I assume that you are talking about GR CH Davis Boomerang and STP GR CH Buck both great dogs that produces some good ones. Boomerang was a Carver bred dog.
ONLINE PEDIGREES :: [314] :: DAVIS' BOOMERANG
STP Buck is a Bolio bred dog.
ONLINE PEDIGREES :: [428] :: S.T.P.'S BUCK (7XW)
What else were you looking for?


----------



## pitbullman (Sep 6, 2011)

thanks bro and do you have any of these bloodline?? i got snooty boomerang bloodline


----------



## Rudy4747 (Nov 29, 2009)

This is my boy Meaty he has a lil bit of the Bolio (buck) blood on the top side.


----------



## pitbullman (Sep 6, 2011)

so you herd about super kennel before?


----------



## Rudy4747 (Nov 29, 2009)

I think you mean like super kennel as in 357 the sire to Macho buck? If so yep Hope to get some Macho buck blood some time.


----------



## pitbullman (Sep 6, 2011)

yea thats were i got my dog from thats my uncle kennel if anything i could ask him do he still got that bloodline. do you got your own kennel?


----------



## Rudy4747 (Nov 29, 2009)

Just starting out got the two dog and a plan lol.


----------



## pitbullman (Sep 6, 2011)

you got papers for your dogs you got


----------



## Rudy4747 (Nov 29, 2009)

Got any pictures of the pup or a ped?
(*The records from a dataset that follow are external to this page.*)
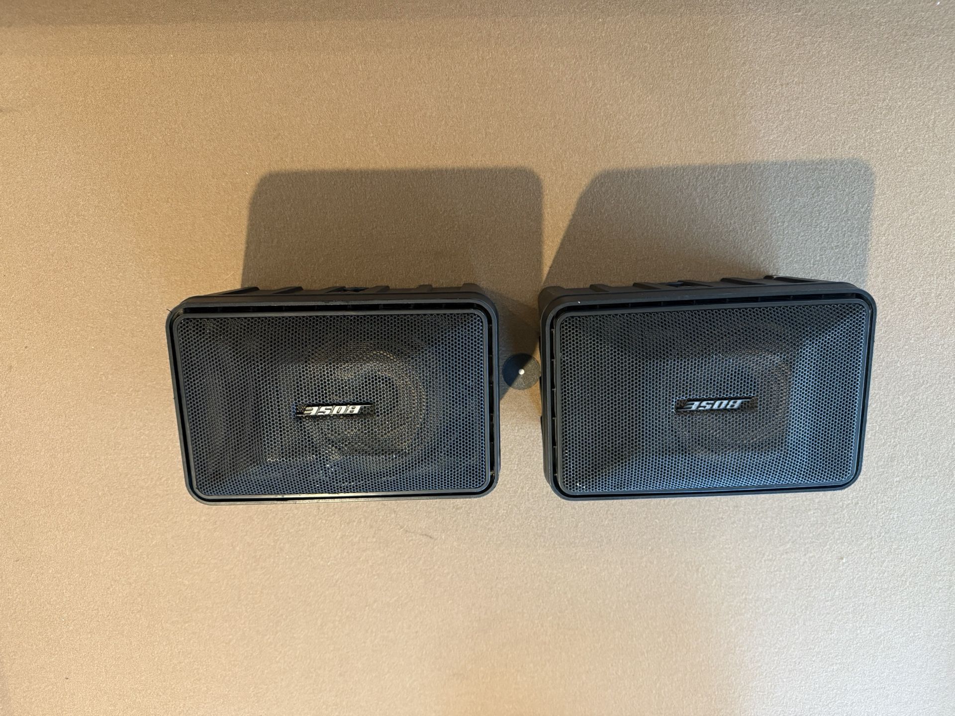 Pair of Bose 101 indoor/outdoor monitor speakers in very good condition. They sound great and are perfect for a garage or a patio.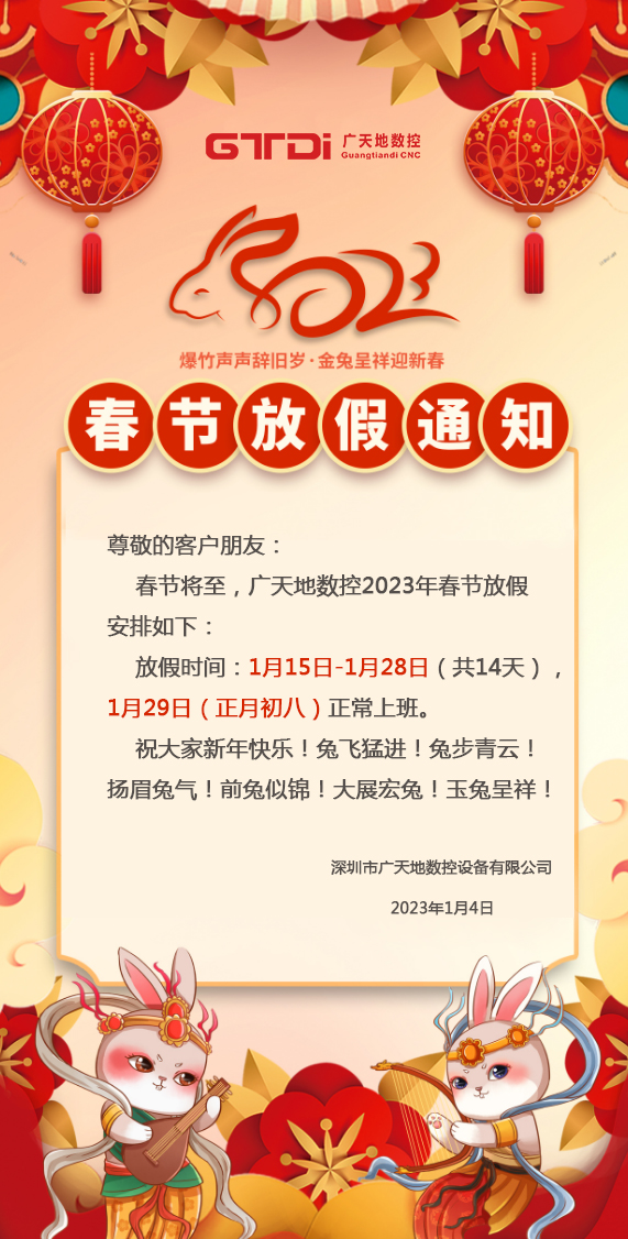 2023年春节将至,首先感谢您在2022年里的鼎力支持和愉快合作,亚星|会员数控全体同仁在此给您拜个早年。在新年的一年里,亚星|会员将更加努力,为您提供更优质的服务。按照国家春节放假规定结合我司的具体情况,春节放假时间安排如下: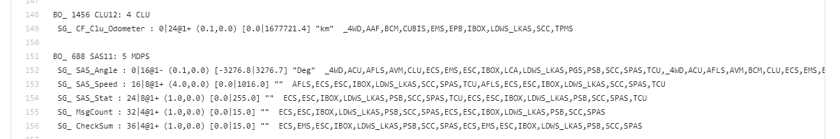 SG_ SAS_Angle : 0|16@1- (0.1,0.0) [-3276.8|3276.7] "Deg" _4WD,ACU,AFLS,AVM,CLU...ETC...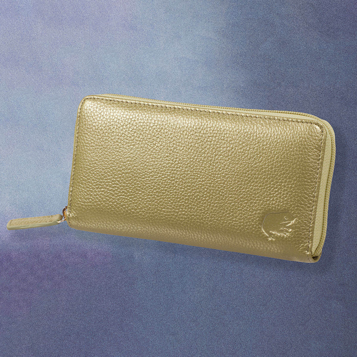 財運飛躍の象徴!「カエル」の牛革型押し財布(ゴールド)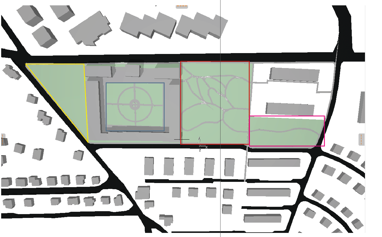 create a high quality top down landscape architectural visualization based on an uploaded masterplan the original plan uses color coded zones replace them with realistic visually appealing aerial representations while preserving the exact layout shapes and boundaries style contemporary landscape architecture soft natural rendering semi realistic clean but atmospheric top view orthographic detailed textures subtle shadows high resolution yellow area kindergarten garden design an organic playful landscape inspired by a former agricultural site avoid artificial playground elements use sculpted terrain natural materials and a sensory tactile path made of crushed brick concrete fragments sand and wooden logs include small cultivation plots mini fields fruit trees shrubs and informal dirt paths atmosphere adventurous educational nature based play blue area courtyard therapeutic garden create a calm geometric courtyard with a rectangular grid divided into four quadrants and a soft oval inserted inside in the center place a water feature surround with a wide paved perimeter subtle not dominant include seating along edges and within the oval planting should be sensory aromatic herbs lavender sage soft textured plants ornamental grasses and calming color palette blue purple yellow accents atmosphere peaceful healing structured red area phytoremediation park design a naturalistic park focused on ecological restoration use flowing organic paths forming a permeable network include varied terrain wetlands for water retention and planted zones representing phytoremediation processes vegetation should look dynamic and layered grasses wildflowers sunflowers prairie species and scattered trees e g poplars the park should feel like a living laboratory ecological evolving slightly wild but intentional pink area playground create a nature playground integrated into the landscape use wood stone and rope structures instead of standard equipment incorporate terrain modeling for climbing and exploration add trees for shade and open grassy areas atmosphere social natural connected to surroundings

You could PM me if you like?


----------



## Rudy4747 (Nov 29, 2009)

Yep the two are ADBA reg.


----------



## pitbullman (Sep 6, 2011)

i got to get the ped from my uncle he know how to get to it. its on online pedigree when i talk to my uncle again ima ask him about the bloodline you wanted and do you got a email what i could contact you at?


----------



## Rudy4747 (Nov 29, 2009)

hmm... Okay sent you a pm.


----------